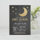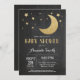 Over the Moon Baby Shower Invitation. Gold Glitter and chalkboard background. For further customisation, please click the "Customise it" button and use our design tool to modify this template.
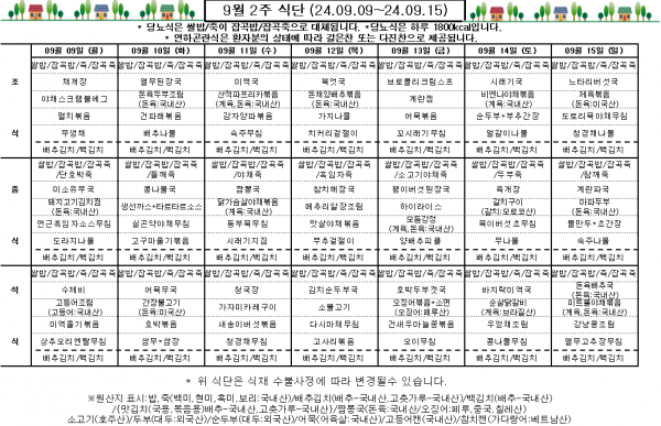 9월 2주 식단표
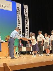 10月12日(土)午後、都城市ウエルネス交流プラザにて「令和6年度 安全・安心みやこんじょ盆地大会」が開かれ、本校2年生の3人が表彰されました。これは夏休みに書いて応募した「令和6年度交通・地域安全作文」の「交通安全の部」で井上結月さんが最優秀賞、平峯楓士さんが優秀賞を、「地域安全の部」で黒木颯斗さんが優秀賞を受賞しての表彰でした。おめでとうございます。大会の冒頭で、一般の部に続き小中学生の部が表彰され、緊張したようですが、堂々と表彰を受けました。交通安全や地域安全について体験したこと、考えたことを率直に述べた作文。地域に広まることで、安心・安全意識の向上の一助となったのではないでしょうか。
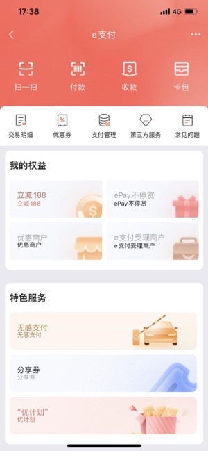 全面管理您的支付,整合限额设置、安全中心等功能,我的权益、特色服务、支付快讯满足您更多支付需求。
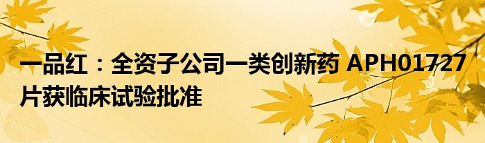 一品红:全资子公司一类创新药 APH01727 片获临床试验批准
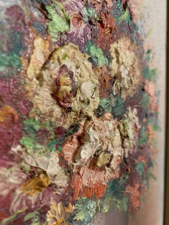 Beautiful oil-on-board painting in which many of the flowers were created to be raised off the canvas for a realistic, 3D effect. Signed by artist "Robin".
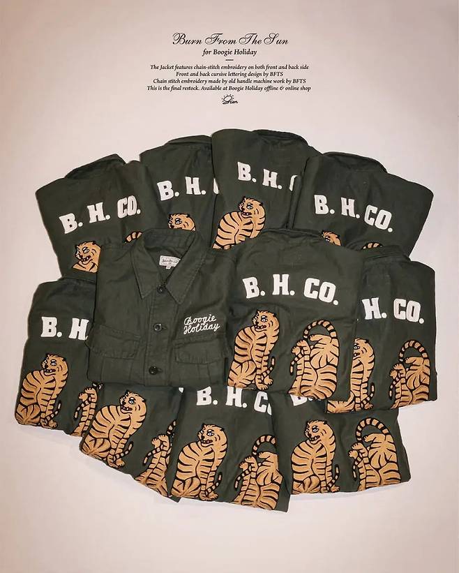 웨스턴 아메리칸 캐주얼 스타일을 제안하는 국내 브랜드 부기 홀리데이. 서부의 짙은 태양이 연상되는 의류들에 다양한 수를 놓았고, 시즌별로 발매와 동시에 품절되며 많은 사랑을 받았던 제품입니다.
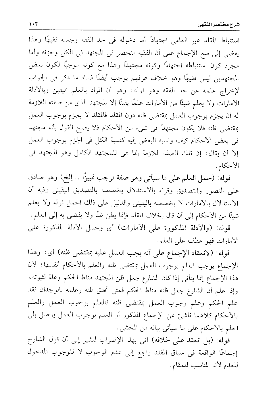 استنباط المقلد غير العامى اجتهادًا أما دخوله فى حد الفقه وجعله فقيهًا وهذا يفضى إلى منع الإجماع على أن الفقيه منحصر فى المجتهد فى الكل وجزئه وأما مجرد كون استنباطه اجتهادًا وكونه مجتهدًا وهذا مع كونه موجبًا لكون بعض المجتهدين ليس فقيهًا وهو خلاف عرفهم يوجب أيضًا فساد ما ذكر فى الجواب لإخراج علمه عن حد الفقه وهو قوله: وهو أن المراد بالعلم اليقين وبالأدلة الأمارات ولا يعلم شيئًا من الأمارات علمًا يقينًا إلا المجتهد الذى من صفته اللازمة له أن يجزم بوجوب العمل بمقتضى ظنه دون المقلد فالمقلد لا يجزم بوجوب العمل بمقتضى ظنه فلا يكون مجتهدًا فى شئ عن الأحكام فلا يصح القول بأنه مجتهد فى بعض الأحكام كيف ونسبة البعض إليه كنسبة الكل فى الجزم بوجوب العمل إلا أن يقال: إن تلك الصفة اللازمة إنما هى للمجتهد الكامل وهو المجتهد فى الأحكام.
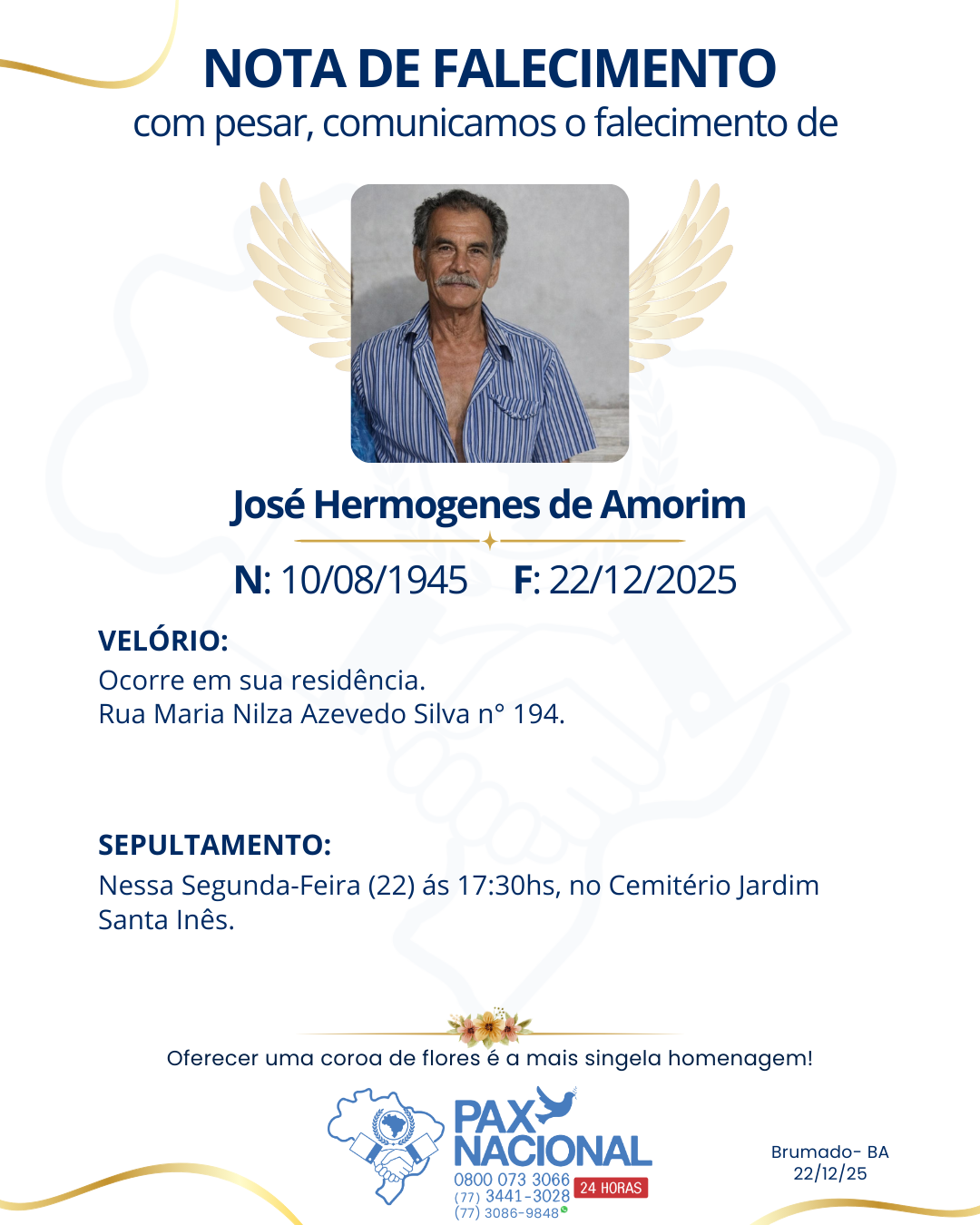 Deixe aqui a sua homenagem aos familiares deste óbito.
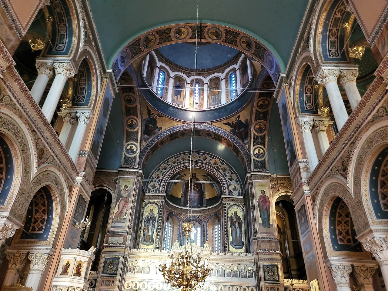 아테네 대성당이 눈앞에 펼쳐졌다. 그리스 정교회 성당이라 느낌이 조금 다르다. 외관도 그리고 실내도, 어딘가 조금 낯설었다. 그 낯선 느낌이 싫은 것이 아니라 흥미로웠다. 성당 앞 광장은 광택이 있는 석재를 깔아서인지 성당을 어슴푸레하게 반영하고 있었다.
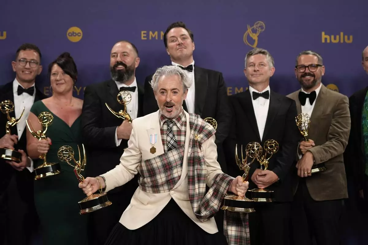 FILE - Alan Cumming, center, and the team from "The Traitors" pose in the press room with the award for outstanding reality competition program during the 76th Primetime Emmy Awards, Sept. 15, 2024, at the Peacock Theater in Los Angeles. (AP Photo/Jae C. Hong, File)
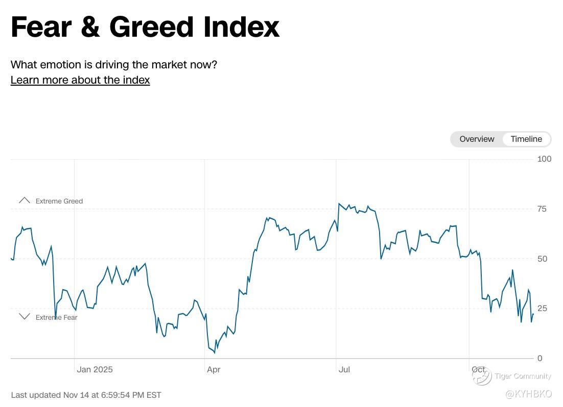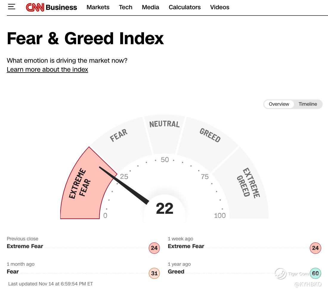 The CNN Fear & Greed Index, as of 14th November, shows 22, which indicates a state of extreme fear in the market. This current reading represents a deterioration compared to the previous closing figure, which was also categorised as extreme fear but slightly higher at 24.
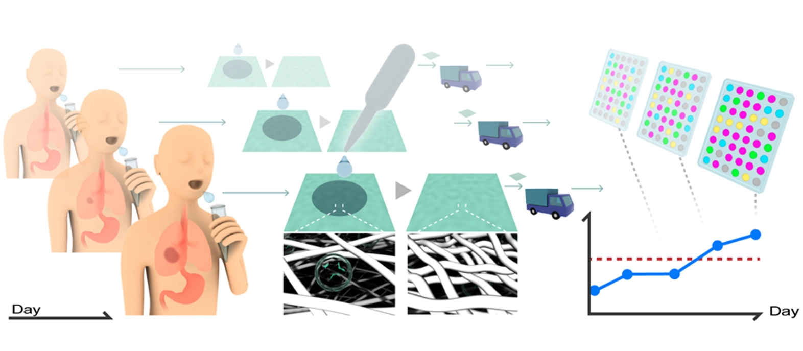 図1.本研究のコンセプト概略図。採取した唾液をセルロースナノファイバーシートに滴下して乾燥させ、そのシートを測定機関に送付することで、エクソソーム由来 microRNA を解析する。ユーザー側の操作は、「唾液をシートに載せて乾かすだけ」であり、この簡便な手順によって、日常的な microRNA 解析に基づくがんリスクモニタリングの実現を目指している。
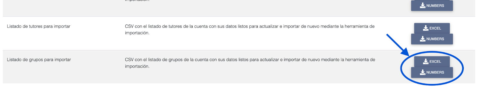 En la pantalla Descargas, descarga el archivo “Listado de grupos para importar” en el formato que prefieras (Excel o Numbers, si trabajas con Apple).
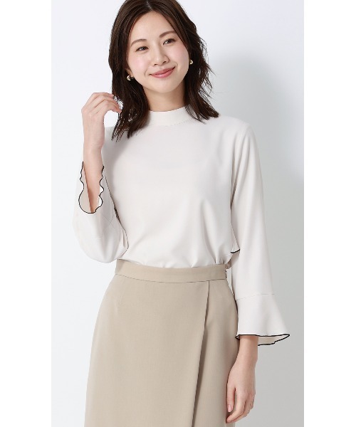 【商品詳細】 生地のドレープが上品なハイネックブラウスです。背面はフリルを重ねてより華やかな印象に。配色のメローを施し、一枚でも着映えするデザインです。ビジネスの他、オケージョンシーンにも活躍してくれます。 ■カラー:ライトベージュ×ブラックメロー 【サイズスペック】 [M]着丈:57cm バスト:97cm 肩幅:39cm 裾囲:114cm 袖丈:49.5cm [L]着丈:58cm バスト:100cm 肩幅:40cm 裾囲:117cm 袖丈:50.5cm 【機能性】 防シワ UVカット 【仕様】 長袖 ハイネック バックフリル フリル袖 1枚仕立て ーーーーーーーーーーーーーーーーーーーーーーーーーーーー 【スタッフ着用コメント】 ①女性スタッフ 身長:158㎝ ・着用サイズ Mサイズ ・着用感 サイズ感はちょうどいいです。 前はシンプルなカットソー、首元高めで落ち着いたデザイン。 広い袖口、背にはフリルが付いており、可愛いデザイン性です。 ーーーーーーーーーーーーーーーーーーーーーーーーーーーー 【おすすめシーン】 食事会、お呼ばれ、パーティー オフィスカジュアル、ビジネス、通勤、仕事 セレモニー、2次会、1.5次会、成人式、同窓会、謝恩会 入学式(入園式)、卒業式(卒園式) 演奏会、発表会、参観日などの学校行事 【商品に関するご注意】 ■商品画像はサンプルのため、色味やサイズ等の仕様に変更がある場合がございますので、予めご了承ください。 ■サイズスペックは仕上がりサイズを記載しております。 ■ブラウザやお使いのモニター環境、また撮影時の室内外の光加減により、実際の商品と掲載画像の色味が異なる場合がございます。 ■生地や仕様・デザインにより、着用感や実際のサイズ表に若干の誤差が生じる場合がございます。予めご了承ください。
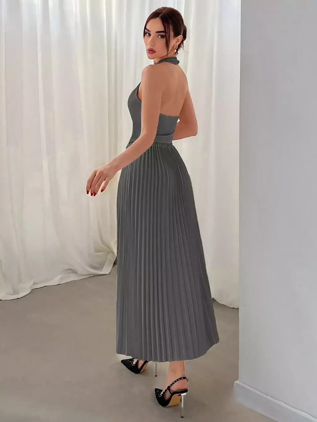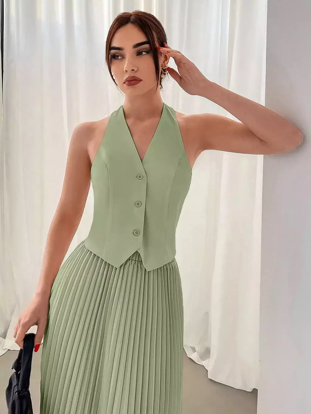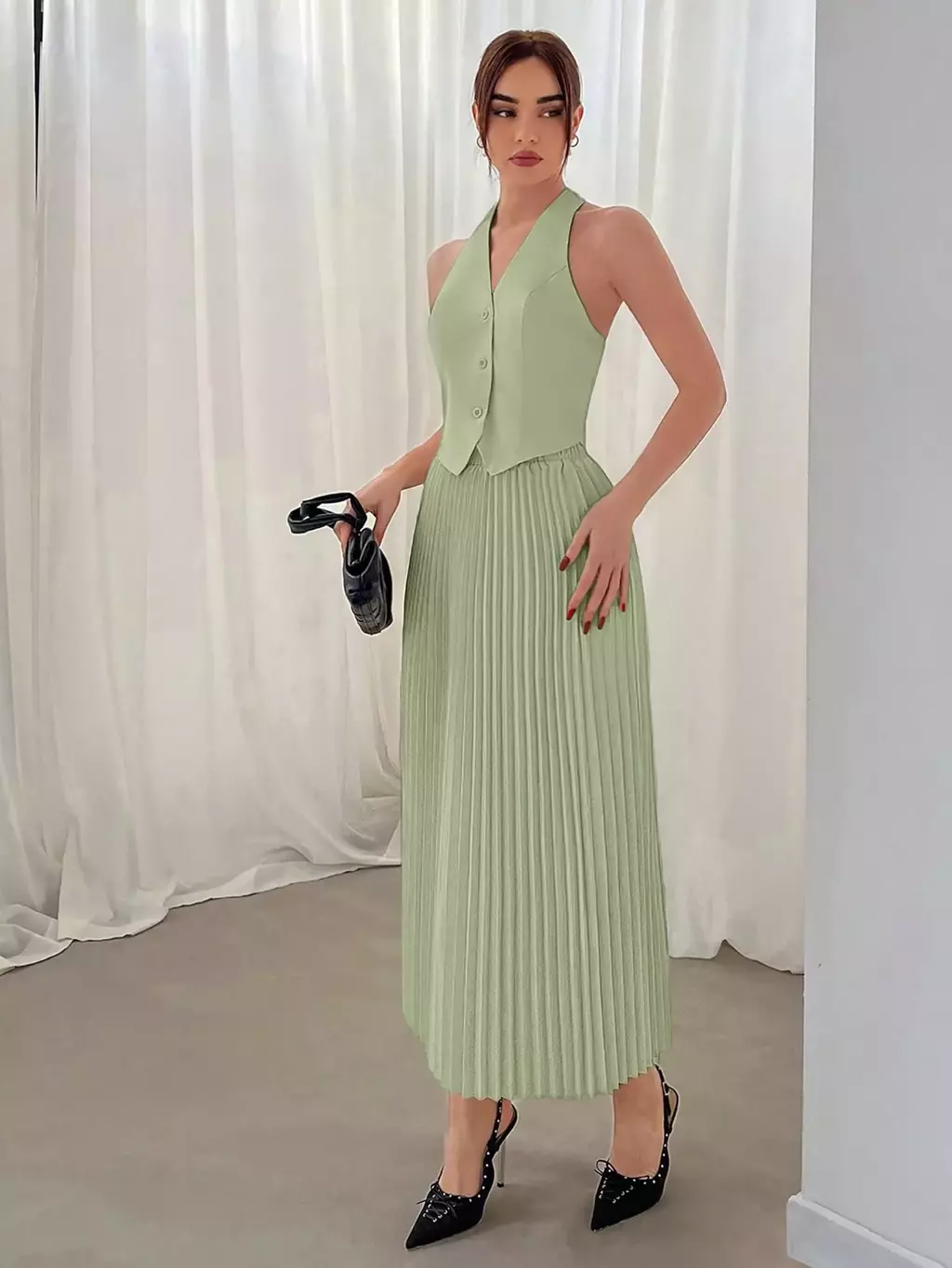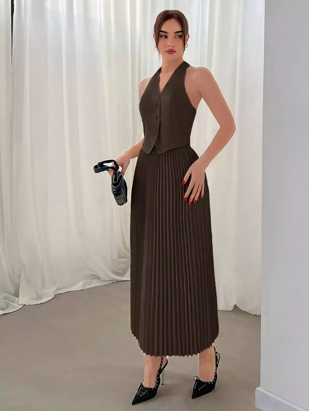 Descubra o charme do conjunto composto por colete de decote halter e saia plissada, pensado para mulheres que valorizam estilo e conforto nas estações mais frescas. Ideal para o Dia dos Namorados, este conjunto une design moderno e toque clássico, perfeito para ocasiões especiais ou um look refinado no dia a dia.
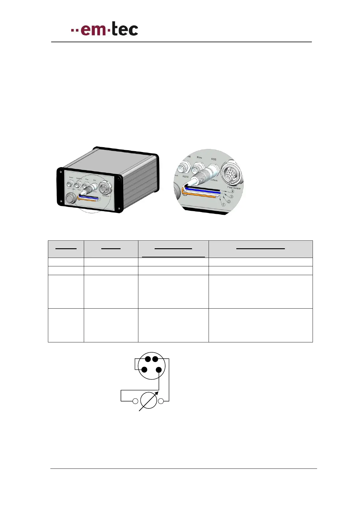 Figure 17: Schematics - looking at pins of rear of flow meter of either Flow or RSS socket
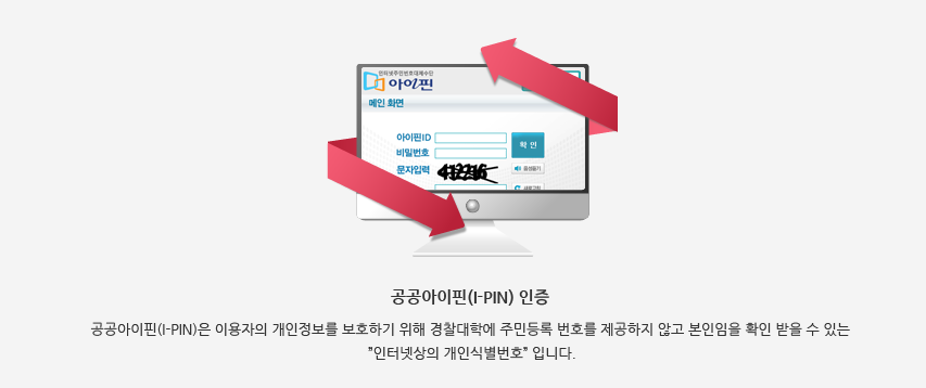 경찰대학은 사용자의 개인정보보호를 위해 2013년 11월 25일부터 공공아이핀(I-PIN) 전용 서비스로전환 되었습니다.

┄┄┄┄┄┄┄┄┄┄┄┄┄┄┄┄┄┄┄┄

> **YOUR OBJECTIVE**
Write out exactly the lines beginning with the line that holds "[M]着丈:57cm バスト:97cm 肩幅:39cm" and ending with the final line of the data, both ends included, without the pictures.

> **PROBLEM SOLUTION**
 【商品詳細】 生地のドレープが上品なハイネックブラウスです。背面はフリルを重ねてより華やかな印象に。配色のメローを施し、一枚でも着映えするデザインです。ビジネスの他、オケージョンシーンにも活躍してくれます。 ■カラー:ライトベージュ×ブラックメロー 【サイズスペック】 [M]着丈:57cm バスト:97cm 肩幅:39cm 裾囲:114cm 袖丈:49.5cm [L]着丈:58cm バスト:100cm 肩幅:40cm 裾囲:117cm 袖丈:50.5cm 【機能性】 防シワ UVカット 【仕様】 長袖 ハイネック バックフリル フリル袖 1枚仕立て ーーーーーーーーーーーーーーーーーーーーーーーーーーーー 【スタッフ着用コメント】 ①女性スタッフ 身長:158㎝ ・着用サイズ Mサイズ ・着用感 サイズ感はちょうどいいです。 前はシンプルなカットソー、首元高めで落ち着いたデザイン。 広い袖口、背にはフリルが付いており、可愛いデザイン性です。 ーーーーーーーーーーーーーーーーーーーーーーーーーーーー 【おすすめシーン】 食事会、お呼ばれ、パーティー オフィスカジュアル、ビジネス、通勤、仕事 セレモニー、2次会、1.5次会、成人式、同窓会、謝恩会 入学式(入園式)、卒業式(卒園式) 演奏会、発表会、参観日などの学校行事 【商品に関するご注意】 ■商品画像はサンプルのため、色味やサイズ等の仕様に変更がある場合がございますので、予めご了承ください。 ■サイズスペックは仕上がりサイズを記載しております。 ■ブラウザやお使いのモニター環境、また撮影時の室内外の光加減により、実際の商品と掲載画像の色味が異なる場合がございます。 ■生地や仕様・デザインにより、着用感や実際のサイズ表に若干の誤差が生じる場合がございます。予めご了承ください。
 Descubra o charme do conjunto composto por colete de decote halter e saia plissada, pensado para mulheres que valorizam estilo e conforto nas estações mais frescas. Ideal para o Dia dos Namorados, este conjunto une design moderno e toque clássico, perfeito para ocasiões especiais ou um look refinado no dia a dia.
 Figure 17: Schematics - looking at pins of rear of flow meter of either Flow or RSS socket
 경찰대학은 사용자의 개인정보보호를 위해 2013년 11월 25일부터 공공아이핀(I-PIN) 전용 서비스로전환 되었습니다.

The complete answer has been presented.